23.3.14

Recovery


This is what I looked like today.


93% 
Almost fully healthy - thank goodness!
Being bed-ridden was starting to drive me crazy. 

I did pick up my ukulele though, after... 2 years? 1 year? It had been a long time.
I remember finger placements but not what chords they are. 

I'm almost done reading The Book Thief and I feel the tears coming.

I feel like I'm finally getting back on track, life-wise. Me-wise.
It feels good.

:)


21.3.14

Family

Today the word "family" sort of sank into me.

I love my family- the one I am connected to by blood. My mother, my father, my brother and my sister.
But I realised I've also been blessed with extended family. An intricate family that has been networked and branched out through all these years.

I stopped by my yoga place today to say hi, since I've been bed ridden and away for a bit, and was taken aback by my reaction to seeing those friendly and familiar faces again after what felt like forever. Even just going up and ringing the door bell.
I never realised how welcome I feel there. How present and free I can be.

After talking to my teacher (who I say is my guru, because is Amazing) and the lady at the front desk (one of the nicest people I've ever met) for a bit, I was saying goodbye and ready to leave when the latter said, "You're part of the family here. Don't worry."

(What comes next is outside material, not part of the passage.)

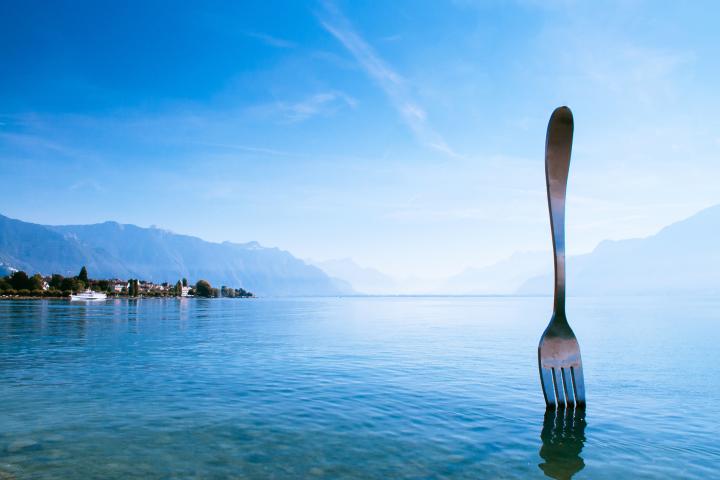 En la tranquila y pintoresca ciudad suiza de Vevey, junto al paseo del Quai Perdonnet, se encuentra una obra que a primera vista resulta desconcertante pero icónica: un tenedor gigante clavado en las aguas del Lago Lemán.

I feel I like people more than they like me, so having someone (who is not necessarily a very close friend) say that to me... Really touched me, to say the least.
Family.

Just then I realised how lucky I am to be part of another family and others with my very close friends.
And these families, however small they may be, will always be there.
It's where you belong. 






20.3.14

But seriously....

How do you keep up with blog reading and posting?
Oh yeah, and life?

I need to take a masterclass on that.